(Write the content here) We will rewrite the given inequalities as equalities to create the lines that define the region. \( \begin{cases} 2x-y= 0\\ x-3y= 0\\ x= 0, y= 0\\ \end{cases}\)

Plot the lines obtained in step 1 on a coordinate plane. The lines are: \(y = 2x\) - a line with slope 2 and intercept (0, 0). \(y = \frac{1}{3}x\) - a line with slope 1/3 and intercept (0, 0). \(x = 0\) - the y-axis. \(y = 0\) - the x-axis.
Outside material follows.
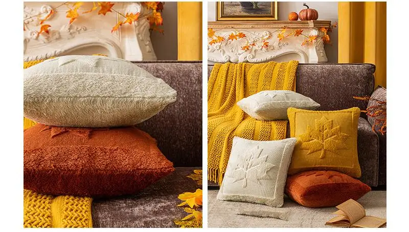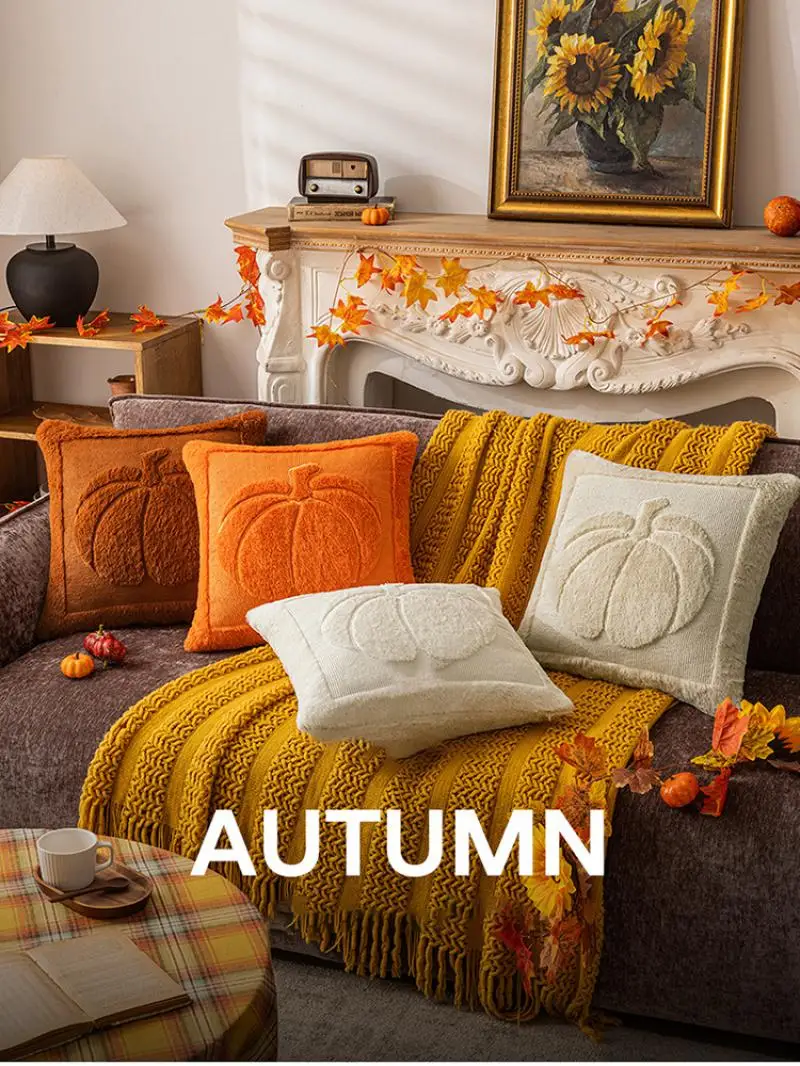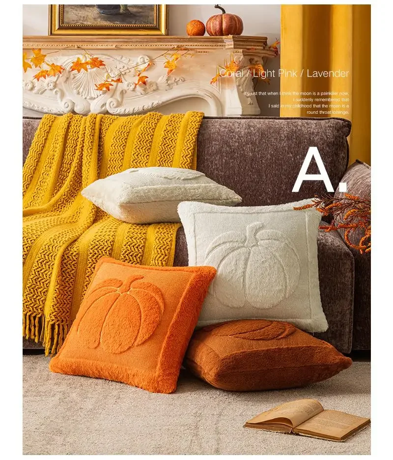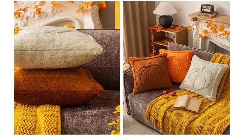 Halloween Pillow Covers Fall Pumpkin Throw Pillows Soft Plush Faux Fur Decorative Cushion Covers for Couch Sofa Bed Porch 45x45

Now we need to determine which region in the plane satisfies all given inequalities: - For \(2x - y \geq 0\), choose a test point (1, 0). Since \(2(1) - 0 \geq 0\) is true, shade the region to the right of the line \(y = 2x\). - For \(x - 3y \leq 0\), choose a test point (0, 1). Since \(0 - 3(1) \leq 0\) is true, shade the region below the line \(y = \frac{1}{3}x\). - For \(x \geq 0\), shade all regions to the right of the y-axis. - For \(y \geq 0\), shade all regions above the x-axis. The region that satisfies all inequalities is the area in which all shaded regions overlap.

From the graph, it is evident that the region is bounded because it is enclosed on all sides, forming a triangle.

There are three corner points in this region which are intersections of the lines: 1. Intersection of y-axis and the line \(y = 2x\): \(x=0\), \(2(0)-y=0\), so the point is (0, 0). 2. Intersection of x-axis and the line \(y= \frac{1}{3}x\): \(y=0\), \(\frac{1}{3}(0)-y=0\), so the point is (0, 0). This is the same as point 1. 3. Intersection of the lines \(y=2x\) and \(y= \frac{1}{3}x\): \(2x= \frac{1}{3}x\), so \(x=0\) and (in both equations) \(y=0\). Therefore, corner point is (0, 0). In this specific case, there is only one corner point: (0, 0).